The Decision to Verify: How Warmth and User Characteristics Shape Reliance on Conversational Agents for Information Search
Pith reviewed 2026-06-29 10:04 UTC · model grok-4.3
The pith
Reliance on conversational AI persists even when web search is available for checking answers.
A machine-rendered reading of the paper's core claim, the machinery that carries it, and where it could break.
Core claim
In a mixed-subjects experiment, participants answered questions with either a warm or neutral chatbot and could optionally use web search to verify. Reliance on the chatbot persisted despite the verification option. Verification behavior was driven by user characteristics such as prior trust, resulting in some participants fact-checking consistently and others rarely doing so. Warm conversational style had an indirect effect by increasing agreement with incorrect chatbot responses. Consulting additional AI sources predicted higher accuracy, but traditional web search did not.
What carries the argument
Mixed-subjects experiment tracking verification decisions and reliance when participants can choose between chatbot answers and web search, with conversational warmth manipulated and user traits measured as predictors.
If this is right
- Reliance on AI answers remains high even in hybrid setups that combine conversational agents with web search.
- Verification behavior is predicted more by stable user perceptions like prior trust than by properties of the specific answer.
- Warm conversational style increases the likelihood of accepting incorrect information.
- Consulting additional AI sources is associated with higher answer accuracy.
- Traditional web search does not show the same association with improved accuracy.

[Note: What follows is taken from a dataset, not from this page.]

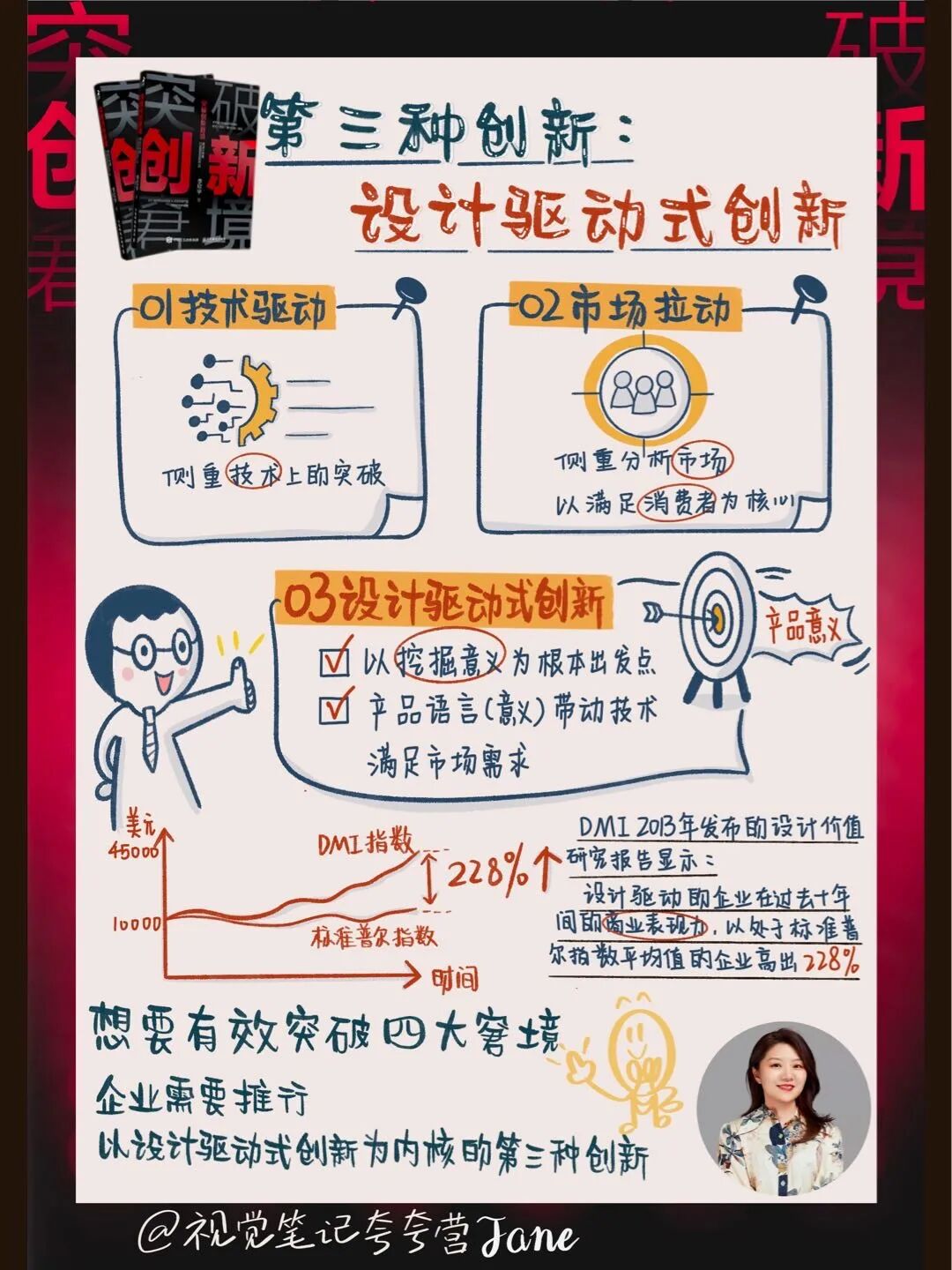 突破窘境,只能靠创新本身驱动。目前主流的观点把创新分为:由技术驱动的颠覆式创新和由市场驱动的渐进式创新。而想突破创新的四大窘境,则需要第三种创新:设计驱动式创新。设计驱动式创新的底层逻辑—设计思维(Design Thinking)。

Where Pith is reading between the lines
- Designers could personalize verification prompts based on measured user trust levels rather than applying them uniformly.
- Warmth in chatbots may require counterbalancing mechanisms to limit error acceptance in information tasks.

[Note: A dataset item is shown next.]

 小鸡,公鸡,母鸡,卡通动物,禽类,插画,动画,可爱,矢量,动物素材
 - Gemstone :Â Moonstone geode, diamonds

- The user-dependent pattern of verification could appear in other AI tools that offer multiple information sources.
- Training interventions aimed at verification habits might reduce overreliance for users who default to trust.
Load-bearing premise
The controlled experiment with optional web search mirrors how people decide whether to verify information during everyday searches.
What would settle it
A field study in which users facing real information needs switch to web search and show sharply lower reliance on chatbot answers when the answer conflicts with their own knowledge would challenge the persistence of reliance.
Figures
read the original abstract
Conversational artificial intelligence (AI) provides an efficient and convenient gateway to information access. However, it can cause overreliance when users blindly trust AI and accept its answers without fact-checking. Information search increasingly follows a hybrid interaction paradigm that combines conversational AI with web search, making fact-checking easier. In this paper, we examine whether this interaction paradigm is effective in curbing reliance. We further investigate the underlying factors (e.g., digital literacy and conversation warmth) that drive users to verify AI answers. We conduct a mixed-subjects question-answering experiment where participants interact with either a warm or a neutral chatbot. Our findings reveal that reliance persists despite users having access to both conversational and web search. The decision to verify is driven primarily by existing user perceptions (e.g., prior trust in chatbots) rather than answer properties, with some users fact-checking regardless of the context and others trusting chatbots by default. Warm conversational style has an indirect yet critical influence on reliance by increasing agreement with the chatbot when it is incorrect. Consulting additional AI sources predicts higher accuracy, while traditional web search does not. Our study extends overreliance research by: (a) demonstrating its persistence despite access to fact-checking, (b) identifying verification behavior as user-dependent, and (c) revealing conversational warmth's indirect effect on overreliance with implications for designing trustworthy conversational search systems.
Editorial analysis
A structured set of objections, weighed in public.
Referee Report
Summary. The paper reports results from a mixed-subjects question-answering experiment in which participants interacted with either a warm or neutral chatbot and had optional access to web search. It claims that reliance on the chatbot persists despite verification tools being available, that the decision to verify is driven primarily by pre-existing user perceptions (e.g., prior trust) rather than answer properties, that warm conversational style indirectly increases overreliance by raising agreement with incorrect answers, and that consulting additional AI sources (but not web search) predicts higher accuracy.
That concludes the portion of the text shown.